People most at risk from coronavirus can be identified with a simple genetic check, health officials say
The Polish Health Ministry is planning to introduce a new type of screening for coronavirus after a gene was discovered that determines the likelihood of a patient suffering from severe or fatal Covid-19.
People most at risk of suffering the severest effects or even dying of coronavirus can be identified using a genetic test, health officials in Poland revealed this week. The study that resulted in the discovery was supported by the country’s Ministry of Health and Medical Research Agency, and involved around 1,500 patients with Covid-19. Researchers from the Medical University of Bialystok identified a gene in chromosome 3 that significantly influences how badly the virus will affect an individual.
“After more than a year and a half of work, it was possible to identify a gene responsible for a predisposition to becoming seriously ill [with Covid],” Health Minister Adam Niedzielski said at a press conference on Thursday.
The findings will now be applied to help identify patients at increased risk from the virus when or even before they contract the infection. The Health Ministry plans to develop and launch a “relatively simple” and quick genetic test that can be performed alongside PCR screening within a few months.

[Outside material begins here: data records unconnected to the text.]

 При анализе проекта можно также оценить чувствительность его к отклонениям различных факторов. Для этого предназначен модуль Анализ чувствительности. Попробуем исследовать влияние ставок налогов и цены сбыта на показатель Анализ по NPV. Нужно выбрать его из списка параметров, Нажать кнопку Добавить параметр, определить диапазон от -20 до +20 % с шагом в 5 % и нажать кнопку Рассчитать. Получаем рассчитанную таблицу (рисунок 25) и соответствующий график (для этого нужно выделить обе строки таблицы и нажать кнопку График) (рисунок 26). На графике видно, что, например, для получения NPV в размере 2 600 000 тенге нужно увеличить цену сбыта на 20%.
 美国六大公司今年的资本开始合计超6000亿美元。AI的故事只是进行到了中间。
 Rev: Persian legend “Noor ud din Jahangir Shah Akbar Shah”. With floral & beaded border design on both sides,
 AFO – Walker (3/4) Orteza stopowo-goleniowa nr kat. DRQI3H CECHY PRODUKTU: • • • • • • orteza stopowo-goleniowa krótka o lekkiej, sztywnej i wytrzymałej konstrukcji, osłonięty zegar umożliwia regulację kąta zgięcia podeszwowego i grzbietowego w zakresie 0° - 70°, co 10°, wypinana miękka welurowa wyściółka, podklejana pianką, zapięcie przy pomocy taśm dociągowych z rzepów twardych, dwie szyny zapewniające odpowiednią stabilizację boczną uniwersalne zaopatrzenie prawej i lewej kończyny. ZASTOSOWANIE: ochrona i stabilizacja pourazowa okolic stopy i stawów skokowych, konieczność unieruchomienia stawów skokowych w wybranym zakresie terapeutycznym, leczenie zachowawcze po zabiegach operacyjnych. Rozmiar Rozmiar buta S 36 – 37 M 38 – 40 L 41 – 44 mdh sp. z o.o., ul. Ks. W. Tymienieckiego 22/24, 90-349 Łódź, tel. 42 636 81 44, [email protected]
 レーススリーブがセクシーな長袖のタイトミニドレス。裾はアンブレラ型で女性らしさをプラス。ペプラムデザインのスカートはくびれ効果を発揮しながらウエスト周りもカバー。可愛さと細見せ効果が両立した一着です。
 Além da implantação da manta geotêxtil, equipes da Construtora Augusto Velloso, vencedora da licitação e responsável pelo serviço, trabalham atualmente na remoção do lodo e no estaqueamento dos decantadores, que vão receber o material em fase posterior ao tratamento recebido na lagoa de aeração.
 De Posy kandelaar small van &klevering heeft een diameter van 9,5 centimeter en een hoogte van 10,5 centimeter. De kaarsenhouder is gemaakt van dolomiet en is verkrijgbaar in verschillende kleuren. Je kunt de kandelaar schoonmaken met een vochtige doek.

It could also be implemented around the world to help people with apparent genetic preconditions, Polish officials said.
“This is a step towards personalized medicine, which is the medicine of the future – when, knowing our genome, we will know what harm to expect when it comes to our health,” Joanna Zajkowska, a professor at the University of Bialystok, told Polish Radio.
If at least one version of the gene is present in the chromosome, a patient is more than twice as likely to suffer the worst effects of Covid-19 or die, according to the study of genetic individual susceptibility led by Marcin Moniuszko and Miroslaw Kwasniewski. The gene is the fourth-most-important factor responsible for acute disease, and is said to be an even more important risk factor than comorbidity. It comes after age, obesity and gender (men are believed to suffer from Covid worse than women), according to the study.
The gene is present in around every 10th person in Europe, while in India the rate is almost three times higher, with some 27% of the population being genetically prone to severe Covid. In Poland, where the death rate from the virus is higher than the EU average, around 14% of the population carry the gene.
“From the beginning of the pandemic, we have been trying to understand why, even among people of similar age, some are infected asymptomatically while others fight for their lives,” said a spokesman for the university. “Thanks to the research, we are getting closer to understanding this phenomenon.”
The Polish study is not the first to suggest correlation between certain genetic factors and patients’ reactions to Covid-19. A genome-wide analysis of Italians and Spaniards in 2020 studied blood types and a chromosome 3 gene cluster in association with respiratory failure caused by coronavirus. Extreme susceptibility to severe illness was found in persons with certain DNA markers, while the study also showed that people with type A-positive blood are at higher risk of respiratory failure from Covid.
Other research from Germany also detected correlation between a gene cluster on the same chromosome and the risk of severe infection. A mutation which helps fight off RNA viruses, inherited by some people from our Neanderthal ancestors, has been found.